The Federal Reserve, OTC, and NCUA Propose Amendments to Credit Card Rules

The Federal Reserve and other bank regulators are finally getting serious about cracking down on credit card abuse by the banks, proposing amendments to rules passed in December of 09.  The amendments prohibit hair-trigger rate increases and rate increases when an account has been closed or acquired.

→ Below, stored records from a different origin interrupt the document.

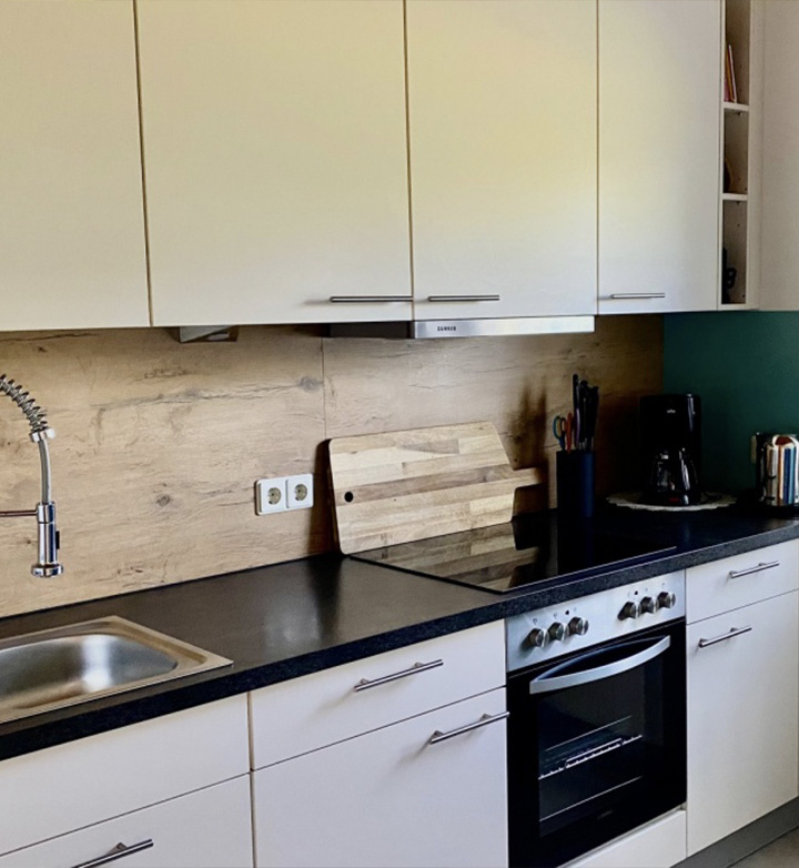 Die moderne Einbauküche ist komplett ausgestattet mit Ceran-Kochfeld, Backofen, Kühlschrank mit Gefrierfach, Geschirrspüler und weiteren Küchenutensilien.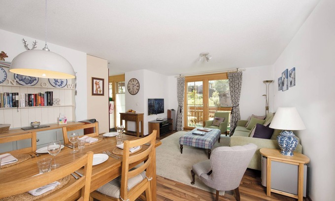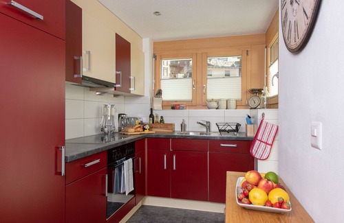 Great care has been taken to create a truly welcoming atmosphere: the pretty sitting room/dining room has a kitchen off it and a large wrap-around balcony that faces out to the field with the lovely old Swiss stadels in the foreground and the Matterhorn presiding in the background. The dining area comfortably seats 4-6 people so you can enjoy meals at home and then in the evenings (or on bad weather days) you can get cosy in front of the 45' home cinema system (with UK channels and Apple TV) watching a film or reading your book and when it is time to sleep the beds are super-comfortable. We also make sure that "the basics" are in stock so that you can make tea/coffee and have a glass of wine without having to go shopping straight away!
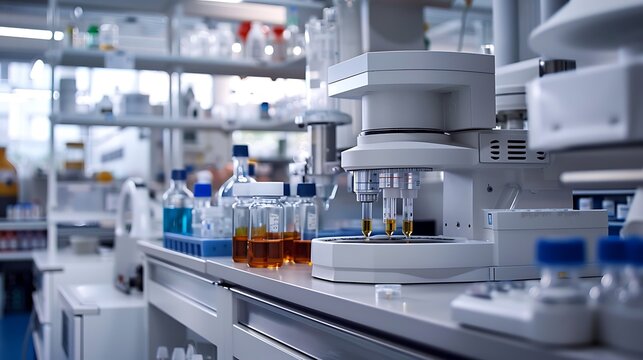 A sterile laboratory environment with high-performance liquid chromatography (HPLC) machines analyzing chemical samples.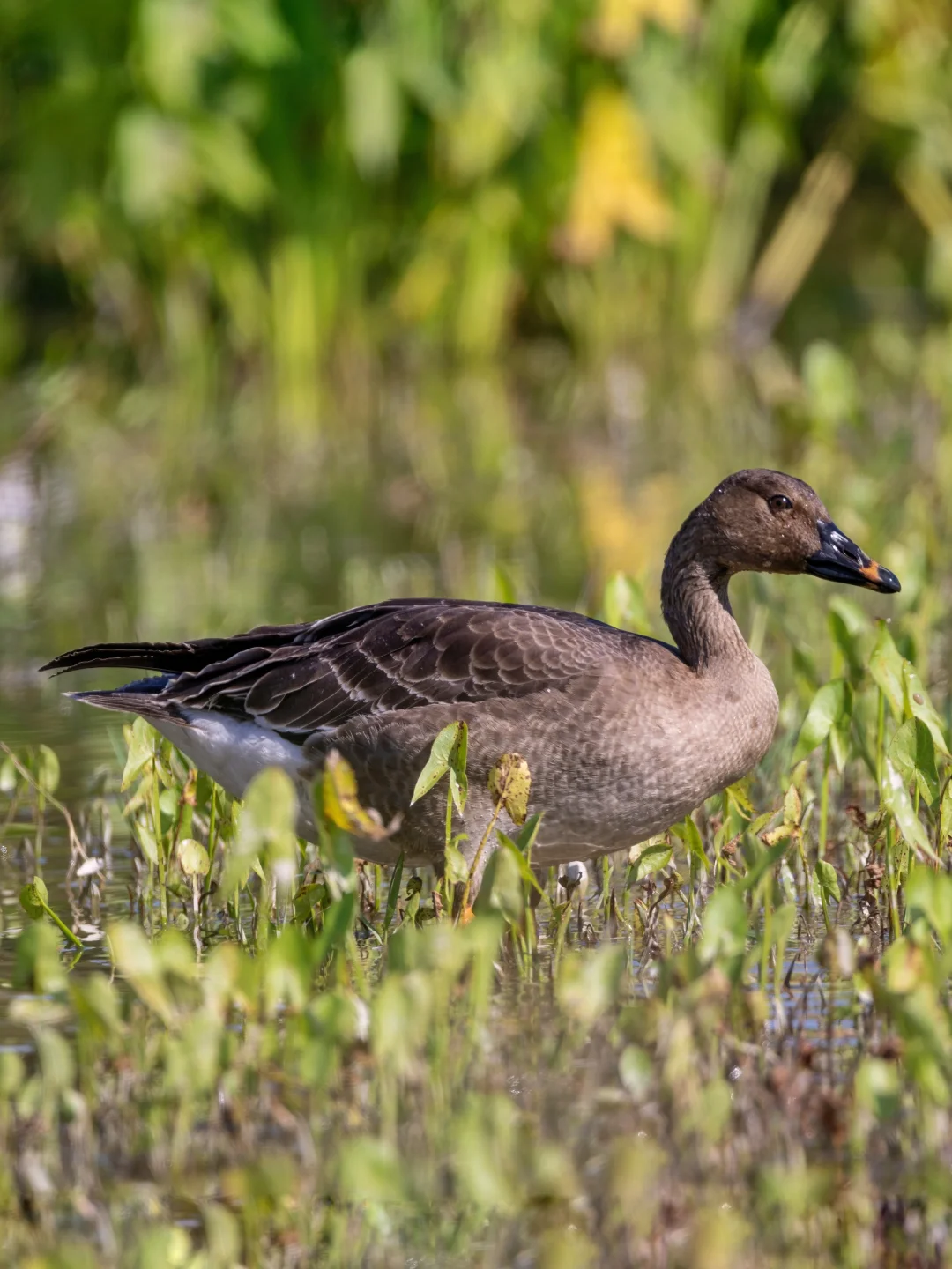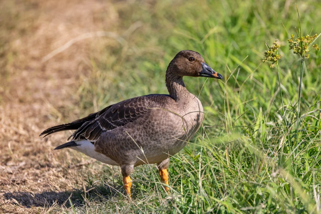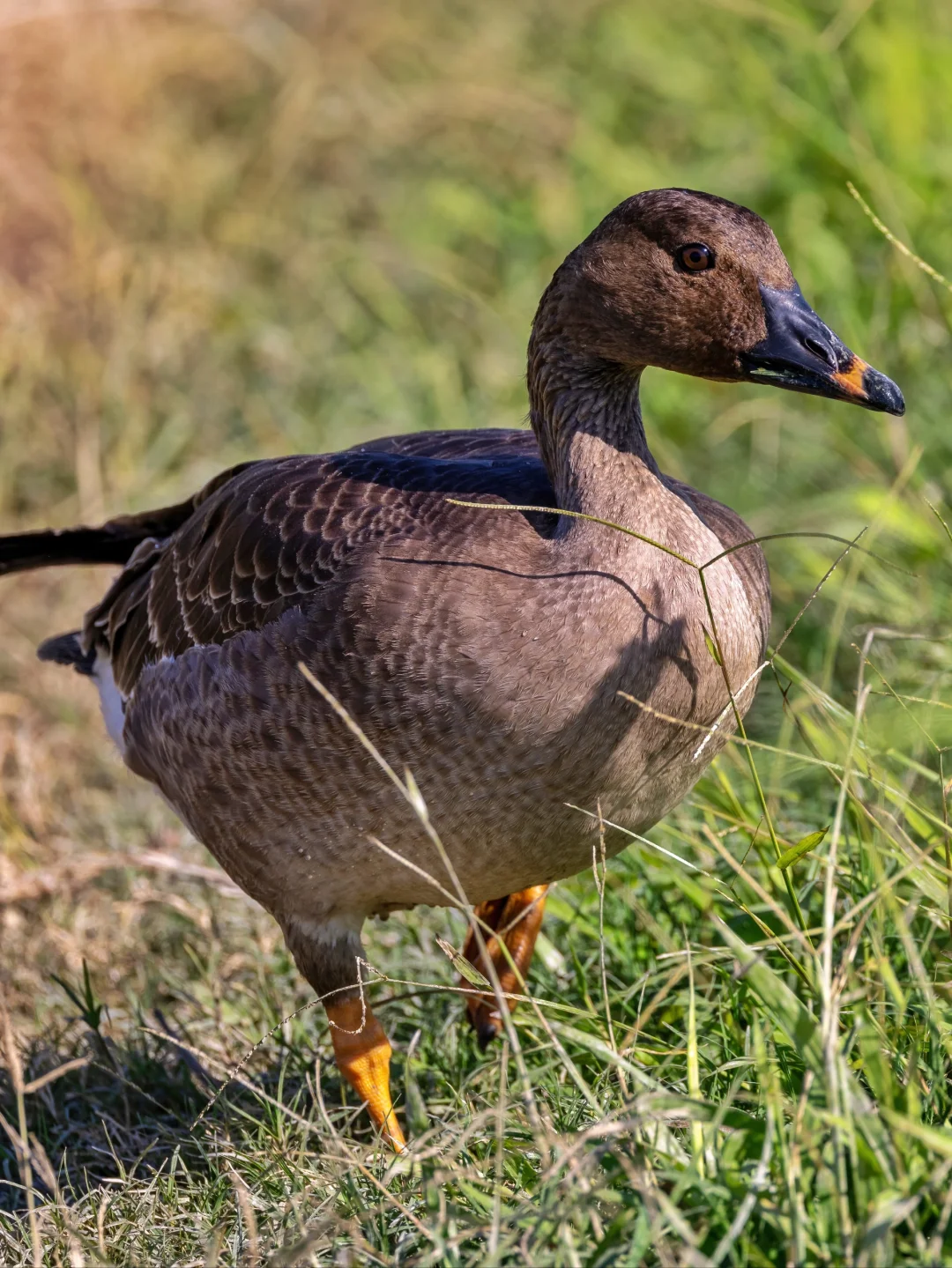 原创拍摄于2024.11 短嘴豆雁,雁形目鸭科雁属。一只烟灰色系的大“鹅”。它们和豆雁很相似,喙上都有一条橙色带,不过短嘴豆雁的喙大部分为深色,橙色带很狭窄,而豆雁的喙上橙色较大块。当然短嘴豆雁的喙更短、更厚实,不过单独看不太明显。 以前在其他地方见到的短嘴豆雁都挺怕人,就远远看看,没想到这只迁徙到香港湿地的短嘴豆雁如此心大,一群人就三五米围观,简直是怼脸拍,太可爱了,希望它能够平安的度过这个冬天吧。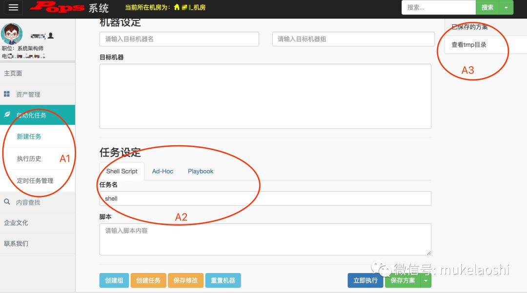 自动化任务执行,主要基于脚本批量实现对于机器组的管理,如下:

Back in December, the Federal Reserve, along with the FDIC and the National Credit Union Association passed a series of credit card regulations that Ben Bernanke described as the most sweeping in the history of the credit card industry.  The rules, which were years in the making, came at a time when banks were hiking credit card rates in an almost indiscrimate manner

Amongst the additions to Regulation Z (the set of laws that help regulate credit lending) were the following:

  • Credit card companies cannot treat a payment late unless the consumer has been provided a reasonable amount of time in which to pay the bill.  Credit card companies must send a statement at least 21 days before the bill is due.
  • When a borrower maked a credit card payment above the minimum balance, the card companies must apply it either in entirety to balance with the highest interest rate, or must divide it pro rate amongst the various balances.  They cannot use the amount ot pay off the lowest interest rate balance.
  • Banks must advertise all of the potential APRs carried by a credit card and cannot increase the APR unless they specifically state what that increase might be - at account opening.  This does not apply to accounts that are marketed as variable rate but does apply to fixed rate cards.  Banks can increase rates after a promotional period, as long as they advertise what that new rate will be when the promo period ends.  Once again, this must be done at account opening.
  • Credit card companies are also prohitibited from applying finance charges to prior month balances that were covered by a grace period that expired.  As an example, if a grace period ended at the end of March, comapies cannot apply interest to those balances for the April billing statement, even if it covers part of March.
  • Banks cannot charge opening fees and then finance them if those fees in the first year consume the majority of the available balance on the account.  Banks cannot open a card with a $200 credit limit and have the consumer finance an opening fee of $150 on it.

Taken as a whole, the new regulations help to provide more protection to consumers.  Now, consumers have to help themelves by not purchashing more than they can afford, and by finding the least expensive and lowest rate credit cards.